It’s important to understand an ‘approved’ drug must be proven to be effective in treating a specific disease, at a specific dose, and be safe. (In this case, safe means the benefits from using a drug outweigh potential risks. As anyone that watches a drug commercial knows, all drugs have risks.)

Physician may, and do prescribe medicines ‘off-label’ by using it to treat a similar disease if other treatments have failed, or prescribe at a dosage level outside the approved range. But it’s important to understand in doing so without the approval of the patient, a individual physician is putting his medical license at risk – she’s misusing an approved drug.

While Off-label uses may put a legal responsibility on the prescriber’s shoulders, there are also the anecdotal evidence of effectiveness that becomes the basis for further controlled studies.

If there is an urgent need of a treatment for a specific disease, like COVID-19, the FDA may use anecdotal evidence as a basis for a provisional approval. That is the situation with some of those listed here. The following is extracted from the website listed at the bottom.

– Al


SNG001 uses a protein called interferon beta, which our bodies produce during a viral infection. It is inhaled directly into the lungs using an inhaler, with the hope it will trigger a stronger, more targeted anti-viral response. The drug was developed by Southampton-based pharmaceutical firm Synairgen and trialled by researchers from the city’s university.

Preliminary results from a trial of more than 100 hospitalised Covid-19 patients found it prevented 79 per cent of people from needing intensive care. The treatment also slashed the average time patients spent in hospital by a third, down from an average of nine days to just six.

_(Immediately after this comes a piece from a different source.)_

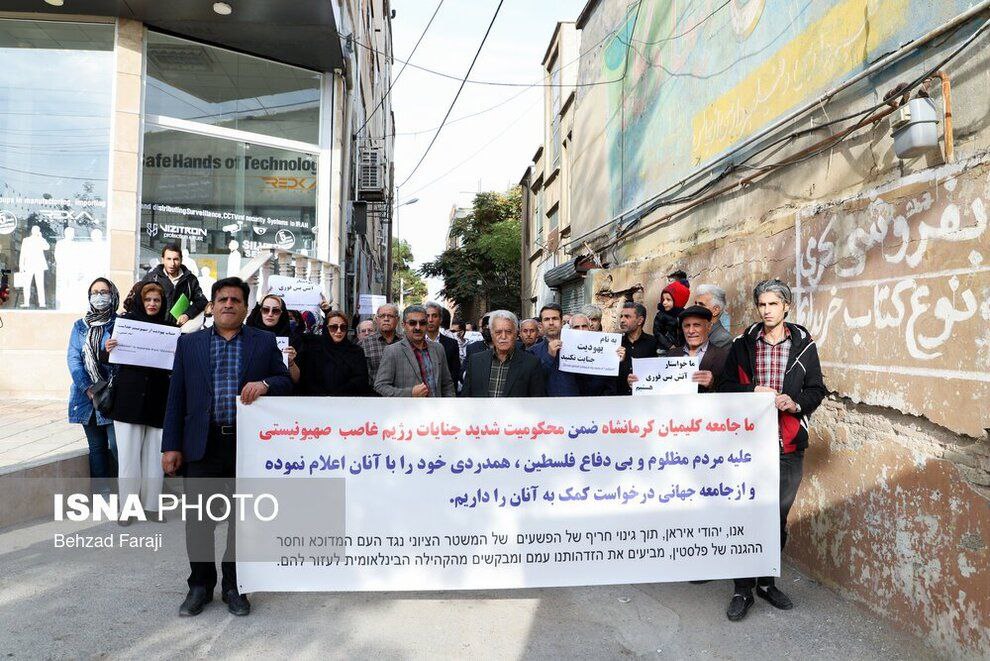 کلیمیان کرمانشاه با تجمع مقابل کنیسه ی وحدت با سردادن شعارهایی اعتراض خود را علیه جنایات رژیم صهیونیستی فریاد زدند. به گزارش ایسنا، حاضران در این تجمع اعتراضی با در دست داشتن دست نوشته‌ها و پلاکاردهایی با مضامینی شامل«به نام یهودیت جنایت نکنید»، «حساب یهودیت از صهیونیسم جدا است»، «ماخواستار آتش‌بس فوری هستیم» و «ما هرگونه کشتار کودکان، زنان و افراد بی دفاع را محکوم می‌کنیم» جنایات رژیم اسراییل را محکوم کردند. کلیمیان استان کرمانشاه همچنین با در دست داشتن دست نوشته هایی با مضمون «باید حضور فساد برانگیز آمریکا در منطقه برچیده شود» خواستار حذف دخالت های آمریکا در امور دیگر کشورها شدند.

The £5 steroid is the only drug scientifically proven to treat Covid-19. It is a type of anti-inflammatory medicine given as either an injection or once-a-day tablet. Oxford University scientists found it saved the lives of up to 35 per cent of patients relying on ventilators – the most dangerously ill – and reduced the odds of death by a fifth for all patients needing oxygen at any point.

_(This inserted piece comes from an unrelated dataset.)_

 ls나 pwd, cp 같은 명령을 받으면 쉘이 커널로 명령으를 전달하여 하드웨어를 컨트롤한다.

The results came from the RECOVERY trial – the world’s largest investigation of promising Covid-19 therapies. Researchers say the steroid prevents the release of substances in the body that cause inflammation, a nasty Covid-19 complication that makes breathing difficult. In seriously unwell patients, the lungs become so inflamed they struggle to work.


Remdesivir was developed by Gilead Sciences to treat Ebola. Trials produced encouraging results earlier this year when it showed promise for both preventing and treating MERS – another coronavirus – in macaque monkeys. Studies on humans have produced mixed results.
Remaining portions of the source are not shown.